4 Responses to Moves And New Stations – Or Not

  1. Dave Peffer says:

    Channel 5 has been the home of the lottery since it began as a once-a-week 30-minute show with Gib Shanley in 1974, who was replaced shortly thereafter by Don Webster. In the late 1970s, the show was cut to five minutes once a week and eventually to the one-minute drawings for The Number (as Pick 3 was then called) in 1979, conducted by Don Webster Monday through Friday and by Bob Banks on Saturdays. Throughout it all, WEWS has been the spot for the lottery programming.

  2. Robert says:

    The Lottery drawings are moving in Toledo as well. SJL’s WTVG/13 announced today they would start airing the drawing and Cash Explosion on July 1st. And much like you, I can’t recall seeing the drawings anywhere besides Raycom’s WTOL/11.

  3. dmking12370 says:

    One can assume that the Ohio Lottery started the televised drawings with the Pick 3 and Pick 4 games.
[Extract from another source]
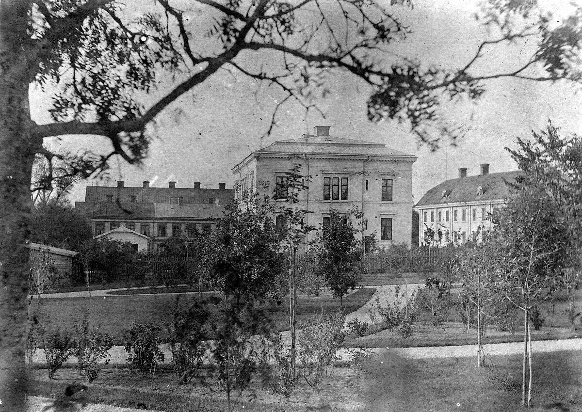 Längst till höger gamla biskopsgården, i mitten hypoteksföreningen. Till vänster syns gamla gymnasiet.

The Pick 3 began in December, 1979.

    If I remember correctly, for the longest time the lottery numbers were drawn at the WEWS studios. Needless to say, this came as a bit of a shock. I wonder if the lottery will draw the numbers at WKYC or do it from the Columbus studios where Cash Explosion is taped.

    Combined with the other announcements about the LiveWell subchannel and the Wheel/Jepoardy decisions, something tells me that these decisions were more Scripps-Howard than WEWS. I am sure that if it was up to Channel 5, the lottery and Wheel/Jeopardy would stay put

  4. Andrew says:

    Interesting coincidence that the Ohio Lottery will be on a NBC affiliated station and Wheel of Fortune and Jeopardy! will be on a CBS affiliated station, such is the case in Youngstown now. WYTV had both the lottery and the two prime time staple game shows for many years.